I should be neutral, should focus on the rescue of the amulet. I should concentrate on intent rather than need….Hadn't the seer told me to beware my needs?

Besides, there were only so many challenges I could face at one time.

—

The walk back to my quarters took twice as long on my own, in part because I had to inch my way past a small herd of mountain goats blocking the route. Unlike me, they were indifferent to the steepness, jostling for the best lichen on the rock face. “ 'Tis lucky your milk is useful,” I scolded when they nosed me to the outer edge of the path.

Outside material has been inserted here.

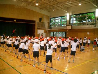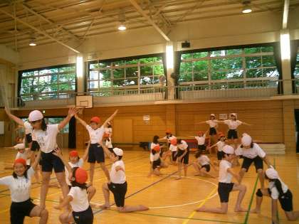 学年練習が始まりました。 公開日 2010/05/24 更新日 2010/05/24 今日のできごと 1・2時間目、1年生と2年生が合同で『ズンドコロック』の練習を行いました。初めてなので、子どもたちの動きもこれからですが、リズムに乗って楽しそうに踊りをおぼえていました。5時間目は6年生が組体操の練習です。昨年5年生の時に経験しているので、流れはわかっています。いかに集団の美を表現するか、最高学年の6年生 頑張っています。
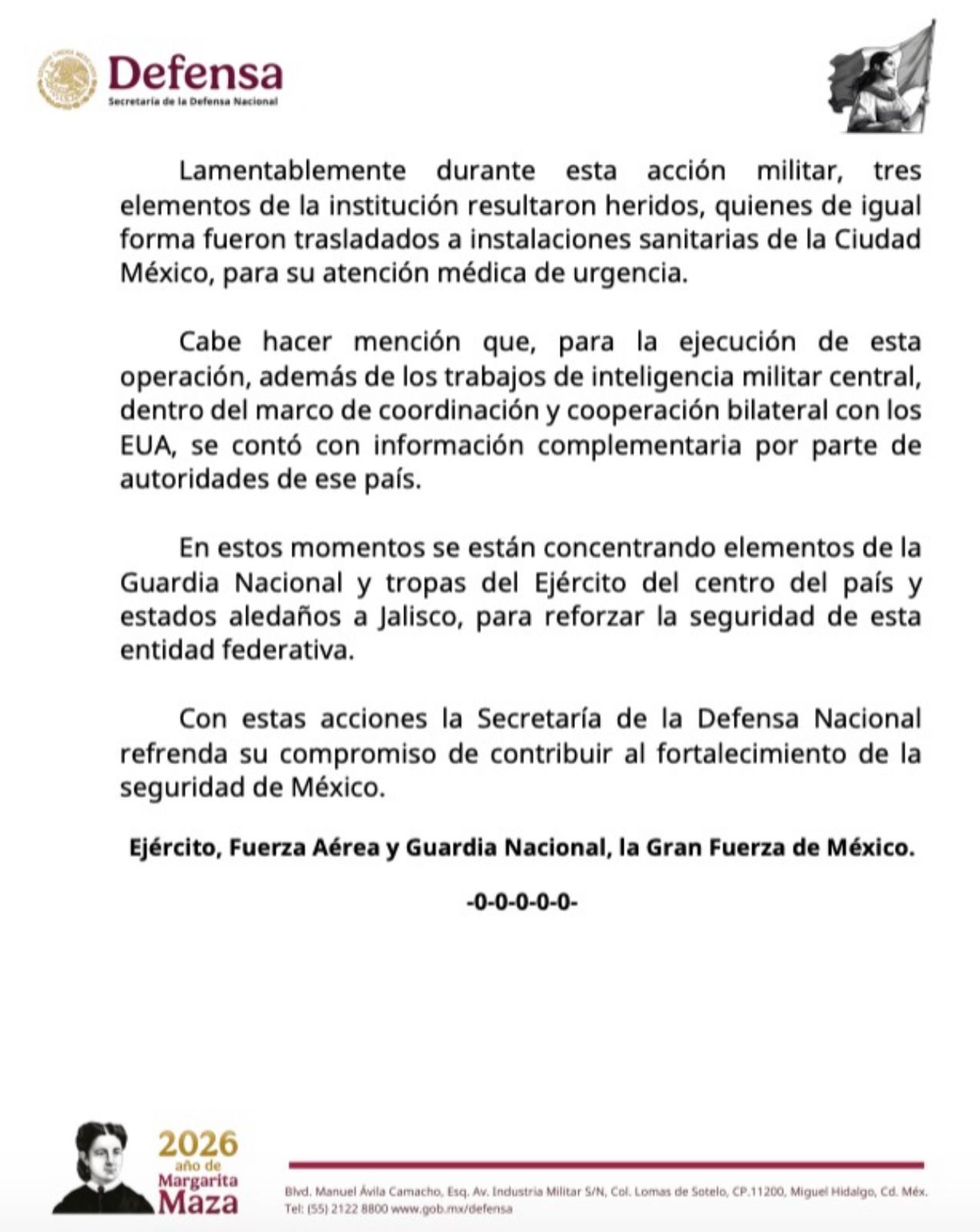 El comunicado oficial también confirmó que tres elementos militares resultaron heridos y fueron atendidos en instalaciones médicas de la Ciudad de México. La SEDENA destacó que la operación contó con información complementaria de autoridades de Estados Unidos, en el marco de la cooperación bilateral. Además, se reforzó la seguridad en Jalisco con presencia de la Guardia Nacional y tropas del Ejército de estados cercanos, reiterando el compromiso de las Fuerzas Armadas con la seguridad del país. (En Blanco y Negro)

It was dusk when I finally returned. Torches were being fitted inside and out, so the carved doorways and windows glowed like honeycombs. My spare little room glowed prettily too. Lill had taken the old quilt when she left my undershift at the waterfall; a fresh one graced the narrow bed. All my things were piled on it, washed, mended, and smelling faintly of myrrh. A comb had been slipped in as well, and so I dressed, then sat in the little frame of window to work it through my hair, the way we did it back in Merith—Lark and I—before each bedtime.

I missed Lark. I missed her sweet and serious face, remembered that moment of seeing her running madly to the cliff's edge. I wondered about the leggings she wore, so similar to the Gren guards', wondered if she was preparing for battle—

“Good evening.”

I nearly fell off the sill. The Rider stood in my doorway.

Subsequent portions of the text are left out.